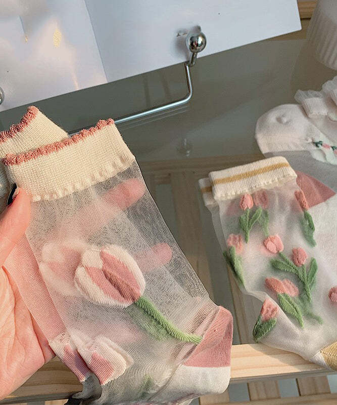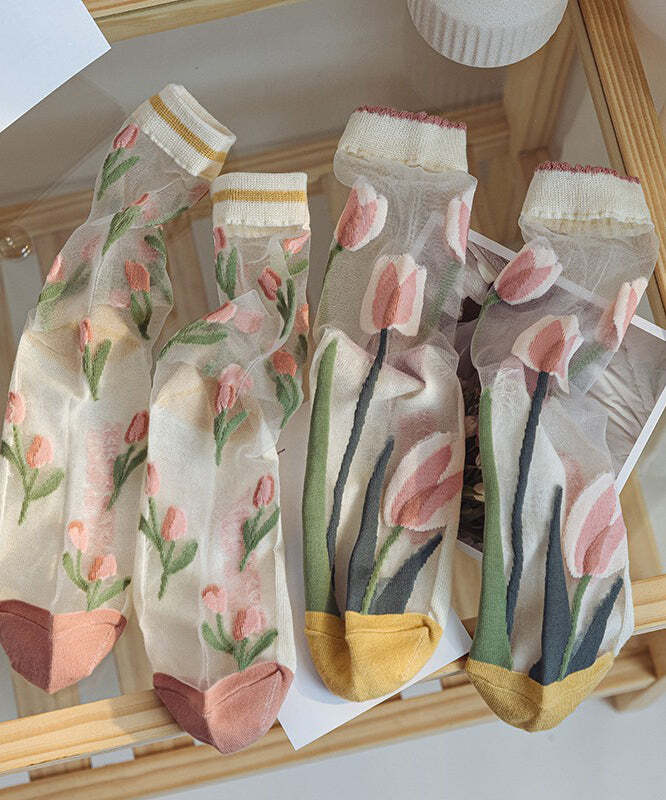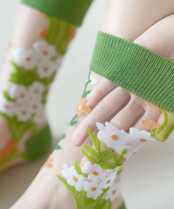 Chic Green Patchwork Sheer Mesh Ankle Socks
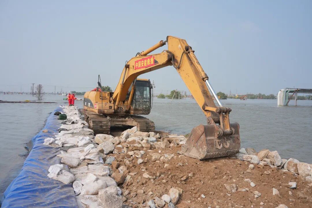 在任务一线,中国安能救援的各类高精尖装备联合作战封堵溃口。溃口处,推土机、挖掘机、自卸车等重型工程救援装备,争分夺秒高效作业。河面上,多波束无人侦测船进行溃口水下部分及河底冲刷数据采集和三维建模。地面上,全站仪每一小时对溃口口门宽度、溃口水位高程、溃口附近堤坝变形情况进行测量和监测。空中,测流无人机全程对水流变化和现场情况进行侦查。一批高科技装备在这次溃口封堵中运用,极大地提高封堵效率。
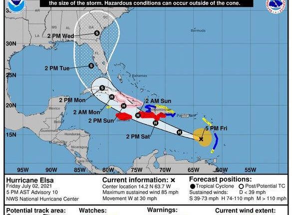 Huracán “Elsa” se mueve a través del mar Caribe hacia Cuba.
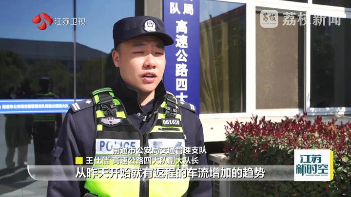 南通市公安局交通管理支队高速公路四大队副大队长王仕佶说:“从昨天开始就有返程的车流增加的趋势,昨天的返程流量是12.6万辆,今天预计可能总流量要突破13万辆。根据今年的预测,初六初七将达到返程的高峰,苏通大桥总流量会达到14万辆以上,甚至初七会达到15万辆以上。”
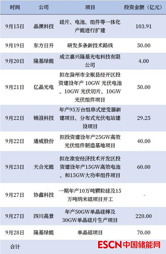 9月,多家光伏企業(yè)開辟新項目,據(jù)不完全統(tǒng)計,多家光伏企業(yè)在半個月的時間內(nèi)已經(jīng)擴(kuò)產(chǎn)近千億元的項目。
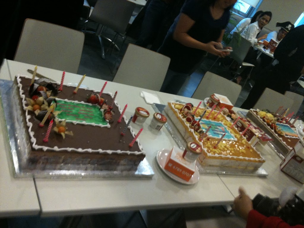 There was so much food – Sakae sushi, assorted pastries, Haagen Dazs ice cream (the Belgium chocolate flavor was uber yum!), and loads of birthday cake. Too bad I couldn’t stay longer to eat as my fund updates were not yet done by then and I had to nip back to my desk. Well at least I had a break!
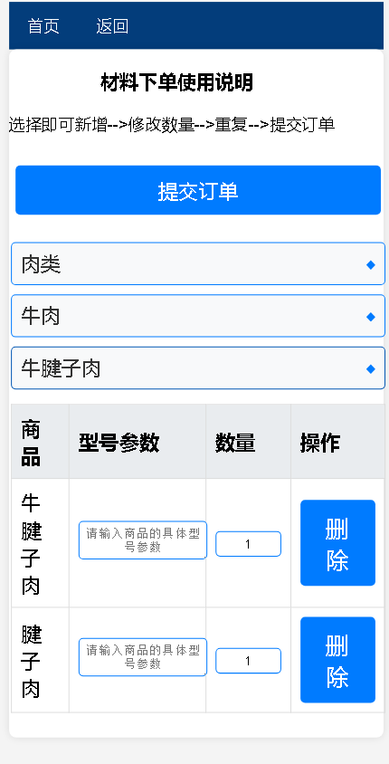 流程订单采购页面,点击下订单,三级菜单选择后自动在最上面添加商品,只需要输入具体型号参数和数量后提交订单,完成后进行订单采购流程审批。
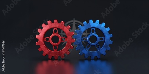 Cogwheels and ascending arrows representing operational excellence technology optimization innovation and growth in production
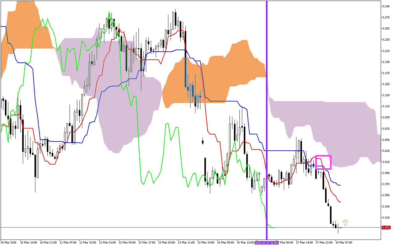 Παρατηρείται ένα σήμα τριών γραμμών στο γράφημα Natural Gas. Η τιμή είναι κάτω από την κόκκινη γραμμή Tenkan, την μπλε γραμμή Kijun και το σύννεφο Kumo. Αυτό το σήμα υποδεικνύει περαιτέρω ανάπτυξη μιας καθοδικής κίνησης.
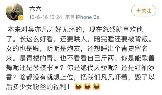 六六声称吴亦凡shui粉丝是粉丝的福利,炮轰小G娜想上位,纠缠吴亦凡。
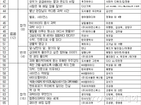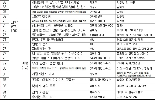 학생 보다 대학·일반인 대상 도서 많아…미래부, '2015년도 우수과학도서' 85종 선정
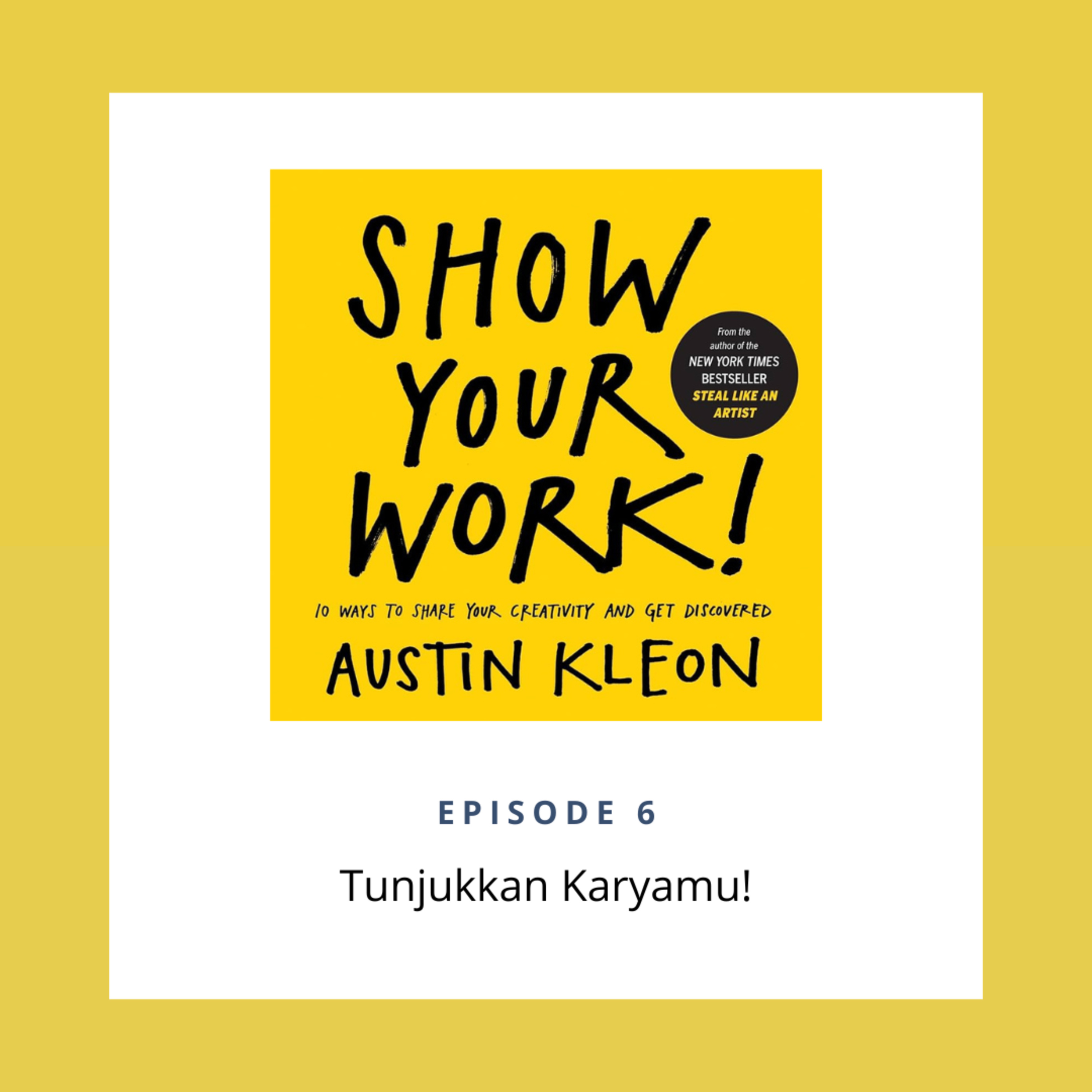Dalam Show Your Work!, Austin Kleon berusaha mendorong orang-orang untuk menunjukkan karyanya kepada khalayak. Mari buktikan eksistensimu dengan membagikan karya kamu di internet!
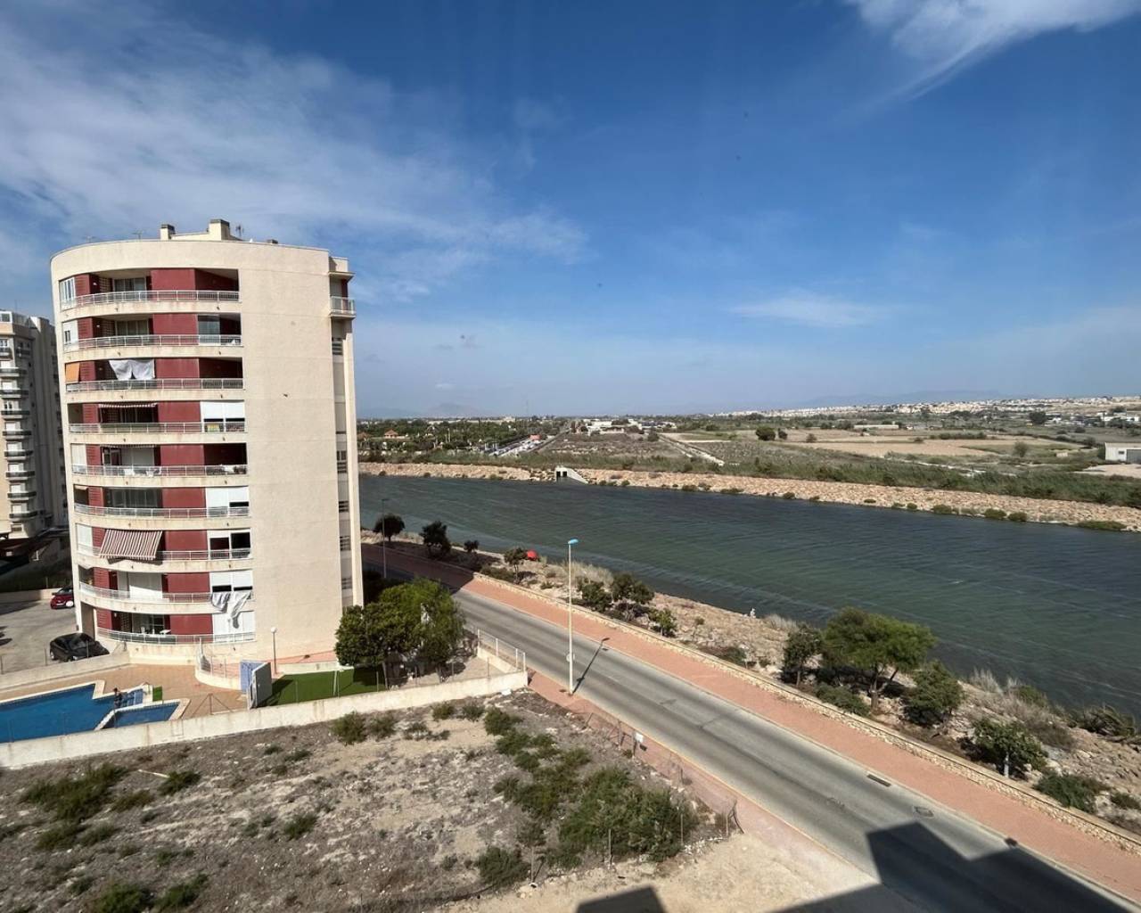 Apartamento con amplia terraza y buena ubicación. Plaza de garaje. Le damos la bienvenida a este luminoso y bien distribuido apartamento en la quinta planta (con ascensor) en Guardamar del Segura. El apartamento tiene aproximadamente 56 metros cuadrados y consta de dos dormitorios, un baño, salón, cocina y una amplia terraza con espacio para muebles de exterior. La sala de estar cuenta con espacio para una sala de estar y un comedor. La cocina está bien distribuida y cuenta con buenas opciones de almacenamiento. Dos dormitorios con agradable luminosidad y ubicación tranquila, el dormitorio principal está amueblado con dos camas individuales y el otro con una cama de matrimonio. Baño espacioso y completamente alicatado, equipado con inodoro, lavabo con inodoro y bañera. El apartamento dispone de plaza de garaje. Aquí vivirá cerca del mar Mediterráneo y de hermosas playas, además de la variada oferta comercial y gastronómica de la zona. Hay varios campos de golf en buen estado en el sur de la Costa Blanca. Se puede llegar fácilmente al aeropuerto de Alicante en coche o autobús. Bienvenido a contactarnos para obtener más información o reservar una visita, por supuesto, realizamos visitas digitales si no puede estar allí.
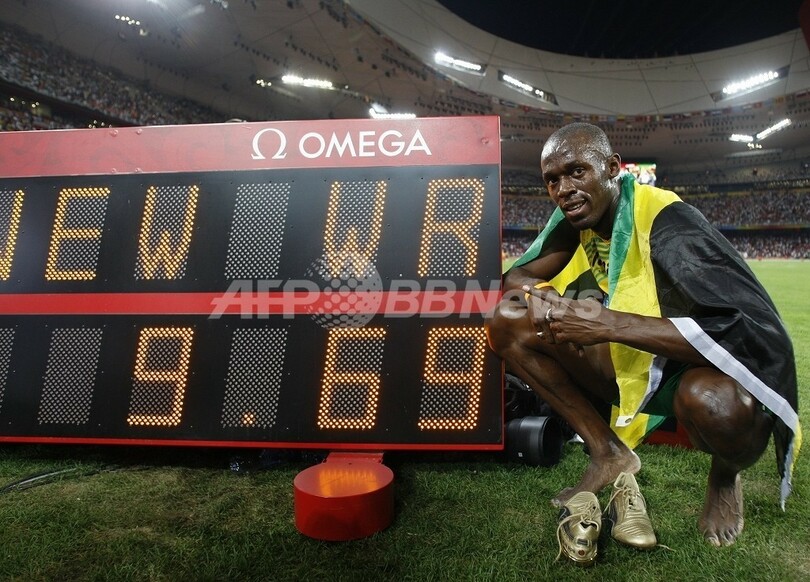 五輪 ボルト 世界記録で金メダル 陸上・男子100メートル 2008年8月16日 23:37 発信地:北京/中国 [ 中国・台湾 中国 ] このニュースをシェア ‹ › ❮ 5/18 ❯ 北京(Beijing)の国家体育場(National Stadium)で行われた北京五輪・男子100メートル決勝で優勝し、9秒69の世界記録を表示した時計の前でポーズをとるジャマイカのウサイン・ボルト(Usain Bolt)(2008年8月16日撮影)。(c)AFP/ADRIAN DENNIS 画像作成中 ! 【8月17日 AFP】(写真追加)北京五輪第9日、陸上・男子100メートル決勝。ジャマイカのウサイン・ボルト(Usain Bolt)は、9秒69の世界記録で金メダルを獲得した。(c)AFP 五輪 一覧へ> メディア・報道関係・法人の方向け 写真・動画 購入のお問合せ>
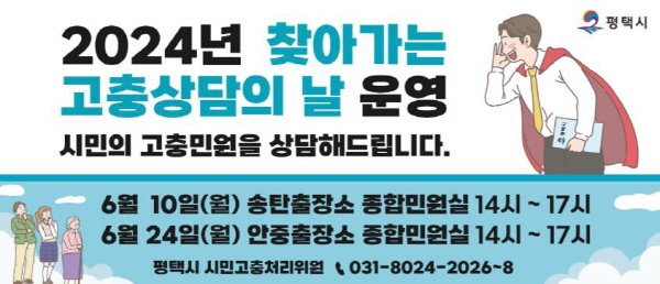 ÆòÅýà ½Ã¹Î°íÃæÃ³¸®À§¿ø½ÇÀº ¿À´Â 10ÀÏ(¼ÛźÃâÀå¼Ò Á¾Çչοø½Ç)°ú 24ÀÏ(¾ÈÁßÃâÀå¼Ò Á¾Çչοø½Ç)¿¡ 14½ÃºÎÅÍ 17½Ã±îÁö ¡®Ã£¾Æ°¡´Â °íÃæ»ó´ãÀÇ ³¯¡¯À» ¿î¿µÇÑ´Ù°í ¹àÇû´Ù.

········

• **TASK DESCRIPTION**
Leave the pictures out, and transcribe exactly the lines above starting at the one that contains "Cogwheels and ascending" and ending at the one that contains "六六声称吴亦凡shui粉丝是粉丝的福利,炮轰小G娜想上位,纠缠吴亦凡。".

• **EXPECTED ANSWER**
 Cogwheels and ascending arrows representing operational excellence technology optimization innovation and growth in production
 Παρατηρείται ένα σήμα τριών γραμμών στο γράφημα Natural Gas. Η τιμή είναι κάτω από την κόκκινη γραμμή Tenkan, την μπλε γραμμή Kijun και το σύννεφο Kumo. Αυτό το σήμα υποδεικνύει περαιτέρω ανάπτυξη μιας καθοδικής κίνησης.
 六六声称吴亦凡shui粉丝是粉丝的福利,炮轰小G娜想上位,纠缠吴亦凡。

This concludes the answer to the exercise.